"When many people envision a Native blanket, they see a "Southwestern" style rather than blankets like the ones my family-who is Lakota and Dakota from Fort Peck Assiniboine and Sioux Tribe-made from buffalo hides. Those heirlooms were vibrant and varied, embellished with figures and animals, glass beads, porcupine quills, shells, bone, and seeds, all stitched into decorative designs and full-out tableaux."
""As an Indigenous person, [woven blankets] are really a vehicle for storytelling for our nations," says Michelle Brown, Creative Director of Eighth Generation. In 2015, Louie Gong (Nooksack) founded Eighth Generation, the first Native-owned blanket company in the US or Canada, now owned by the Snoqualmie Tribe in Seattle, "as a reclamation...it exists as a response to Pendleton," says Brown. The company's goal is to educate consumers about the diversity of Native craftsmanship."
"After centuries of, as Brown says, "having our cultural histories extracted from us for profit," the company makes sure to license art for use, ensuring that the designer retains the rights to what they created. "The ownership of the artwork is definitely a big point of difference," says Jane Cho, CEO of Eighth Generation. "At the end of the contract, the art goes back to them.""

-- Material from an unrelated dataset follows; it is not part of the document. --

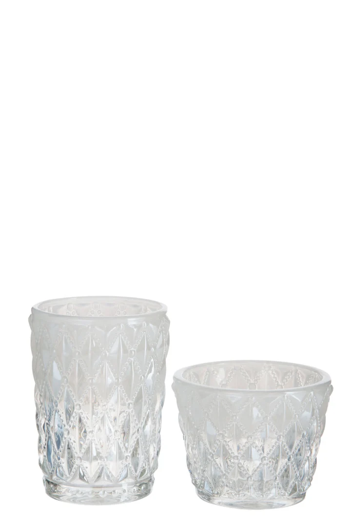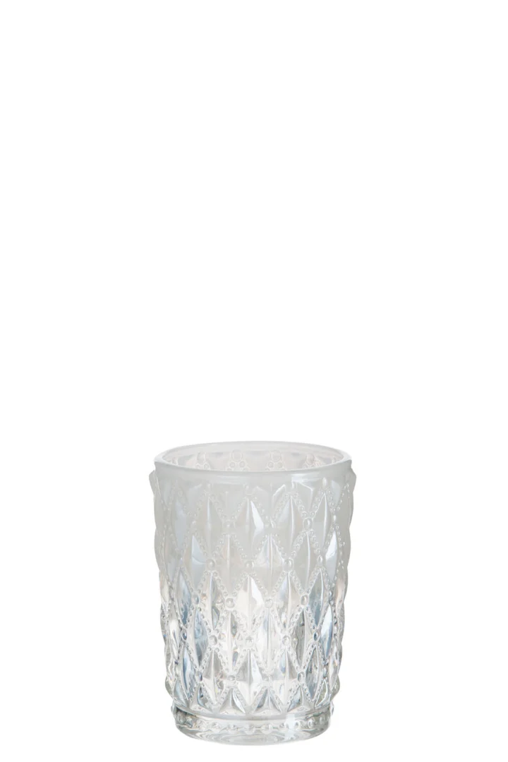 Breng een warme, sprankelende sfeer in huis met deze transparante kaarsenhouder van glas. Het compacte formaat van 6 x 6 x 9 cm maakt hem ideaal voor theelichtjes of een kleine stompkaars, zonder te overheersen op tafel of vensterbank.

Many people picture Native blankets as Southwestern-style striped woolens rather than buffalo-hide heirlooms made by Lakota and Dakota families. Heirlooms feature vibrant tableaux stitched with figures, animals, glass beads, porcupine quills, shells, bone, and seeds. Mass-produced woolens from companies like Pendleton combine motifs from hundreds of tribes and separate designs from their meanings. Eighth Generation, founded by Louie Gong in 2015 and now owned by the Snoqualmie Tribe, works to reclaim and educate about diverse Native craftsmanship. The company licenses artwork, ensures designers retain rights, returns art at contract end, and centers Indigenous ownership.